• Data extract:
◆ ◆ ◆ ◆ ◆
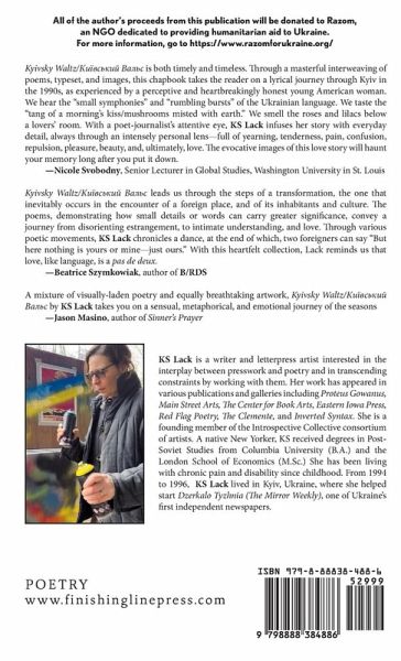 KS started writing Kyivsky Waltz in 2014, at the start of Ukraine's Revolution of Dignity (a.k.a. the Maidan Revolution), to answer the question she was asked more and more as the invasion grew into the monstrosity it has become: why did she love Ukraine so much? Kyivsky Waltz is a hybrid chapbook that uses poetry and artwork to tell the story of how KS experienced Ukraine from 1994 to 1996: arriving at 22, alone, completely lost and unable to communicate, yet somehow managing to find a home and people to love in a new nation with an old history. All of the author's proceeds will be donated to Razom, a nonprofit organization committed to raising funds for Ukrainian humanitarian aid.
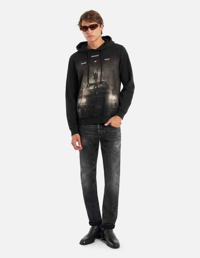 Oversized sweatshirt with hood, long sleeves, drawstring and print on the entire front. Printed fleece. Dondup logo. Made in Italy
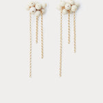 Cluster earrings featuring smooth acrylic beads and cascading gold-tone chains. A refined take on statement jewelry with subtle movement. Sold as a pair.
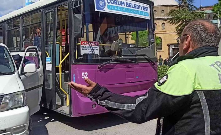 Çorum’da aracını hatalı park eden bir sürücü trafiğin kilitlenmesine neden oldu.
◆ ◆ ◆ ◆ ◆
• What you need to do: Exactly as written above, print every line of the data but not its pictures.

• Response to the task:
 KS started writing Kyivsky Waltz in 2014, at the start of Ukraine's Revolution of Dignity (a.k.a. the Maidan Revolution), to answer the question she was asked more and more as the invasion grew into the monstrosity it has become: why did she love Ukraine so much? Kyivsky Waltz is a hybrid chapbook that uses poetry and artwork to tell the story of how KS experienced Ukraine from 1994 to 1996: arriving at 22, alone, completely lost and unable to communicate, yet somehow managing to find a home and people to love in a new nation with an old history. All of the author's proceeds will be donated to Razom, a nonprofit organization committed to raising funds for Ukrainian humanitarian aid.
 Oversized sweatshirt with hood, long sleeves, drawstring and print on the entire front. Printed fleece. Dondup logo. Made in Italy
 Cluster earrings featuring smooth acrylic beads and cascading gold-tone chains. A refined take on statement jewelry with subtle movement. Sold as a pair.
 Çorum’da aracını hatalı park eden bir sürücü trafiğin kilitlenmesine neden oldu.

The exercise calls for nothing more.